7.4.2.4 WTW-ATW Change
The mean WTW-ATW changes were −0.76 + 0.60 D, −0.20 + 0.56 D, and −0.20 + 0.45 D, in the 3.2-mm, 2.2-mm, and 1.8-mm group, respectively (Table 7.1). The change was statistically significantly higher in the 3.2-mm group compared to both the 2.2- and the 1.8-mm group (both P < 0.001), but showed no difference among the two smaller incision groups (P = 0.96).
7.5 Astigmatic Effects of 2.2-mm Superior and Temporal Clear Corneal Incisions
We conducted a randomized prospective study of 121 consecutive eyes of 98 patients operated for cataract. All patients underwent clear corneal PEA through a 2.2-mm CCI located superiorly or temporally. The superior group comprised 66 eyes (52 patients) and the temporal group 55 eyes (46 patients).
The magnitude of preoperative astigmatism was not considered in selecting the incision size. Keratometric astigmatism was measured preoperatively and 1 month after surgery, using the same autokeratometer (Tonoref II, Nidek, Aichi, Japan). The steps of the measurements were set at 0.25 D.
7.5.1 Surgical Technique
The same surgeon performed all the surgeries (JLF). The incision was created with a pre-calibrated metal knife at 11 o’clock, starting with a partial thickness groove (approximately 300 μm depth) at the superior limbus, followed by an approximately 2-mm-long stromal tunnel. The two-plane incision architecture resulted in an almost square-shape incision. No wound enlargement was necessary in either group.
7.5.2 Results
7.5.2.1 Vector Analysis
We used a vector analysis, based on the Holladay-Cravy-Koch formula detailed in the previous study.

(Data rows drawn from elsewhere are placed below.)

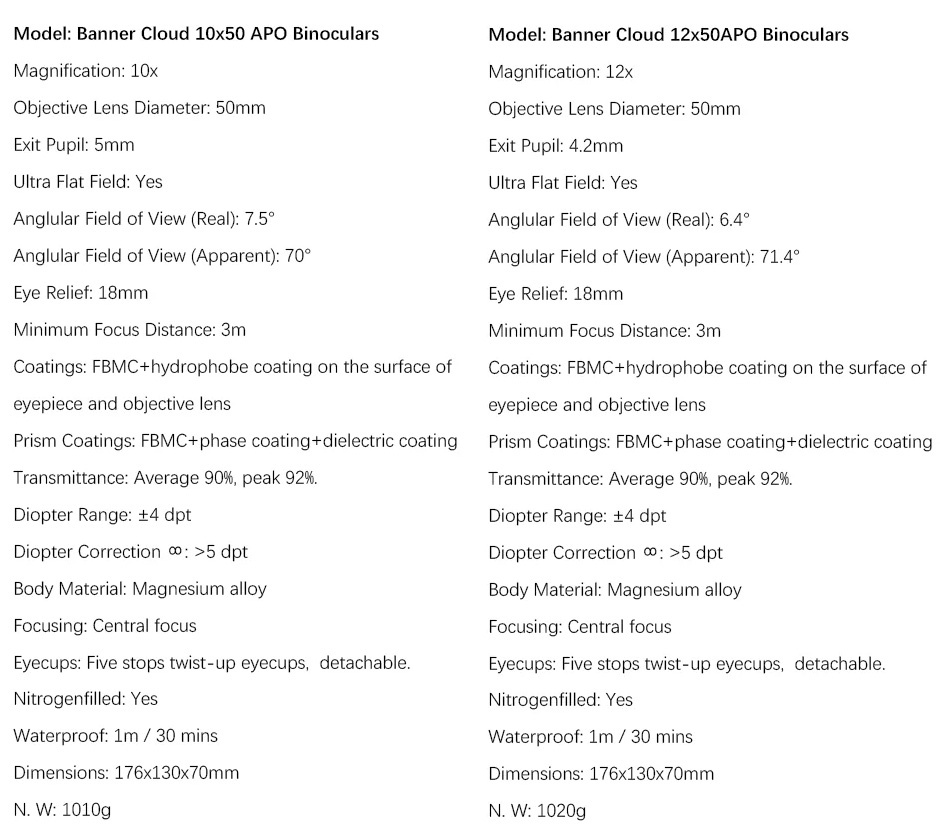 Сравнение Sky Rover Banner Cloud 10x50 APO с другими биноклями: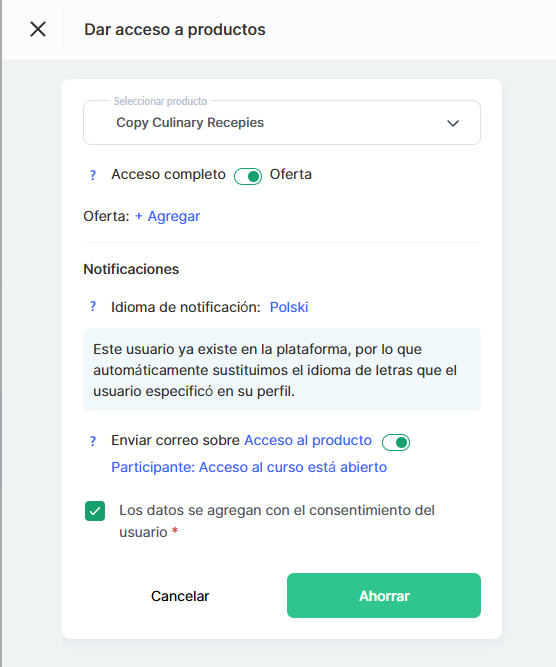 Haz clic en el botón +Producto, luego selecciona el producto requerido (curso, maratón o grupo cerrado).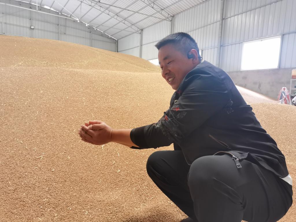 “80后”朱咸明种了大约1500亩小麦,收割完小麦后,紧接着就要播种高粱。在自家粮仓里,他告诉记者,据初步测算,小麦每亩产量1000斤左右,比去年增加约300斤。“今年一斤小麦卖1.2元,比去年高五六毛钱。与去年相比,今年种粮效益明显提高,咱们种粮人的信心更足了。”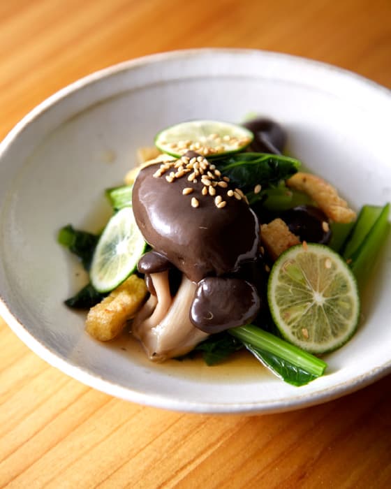 霜降りひらたけの味と香りをしみ込ませた鰹出汁に、小松菜を加えました。香ばしい油揚げと爽やかなすだちがアクセント。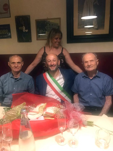 Nella foto da destra: il centenario Pietro Leonori, insieme all’assessore Narciso Ricotta, al figlio Pietro e alla sua compagna Lorella.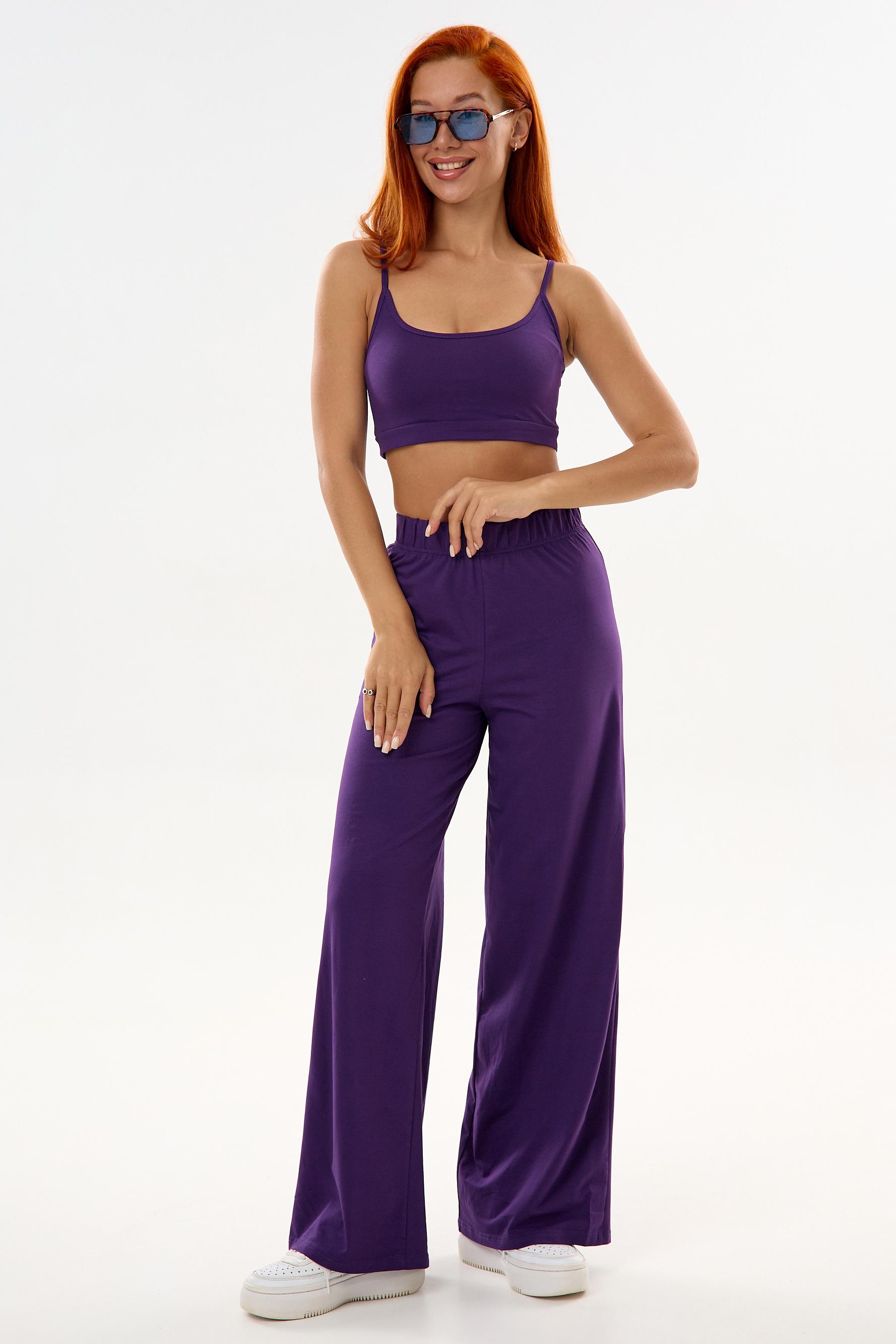 Пижама женская Колибри Ф Арт. 10443 / Фиолетовый отшивается из хлопковой ткани с добавлением лайкры. Женский костюм состоит из укороченного топа на тонких бретелях и свободных пижамных брюк.

7.5.2.2 With-the-Wound Change
The WTW mean changes were −0.05 ± 0.45 D in the 2.2-mm superior CCI group and −0.14 ± 0.24 D in the 2.2-mm temporal (Table 7.2). The comparison between the two incisions showed no difference.
Table 7.2
With-the-wound (WTW), against-the-wound (ATW), and WTW-ATW changes in two groups (mean ± SD, range)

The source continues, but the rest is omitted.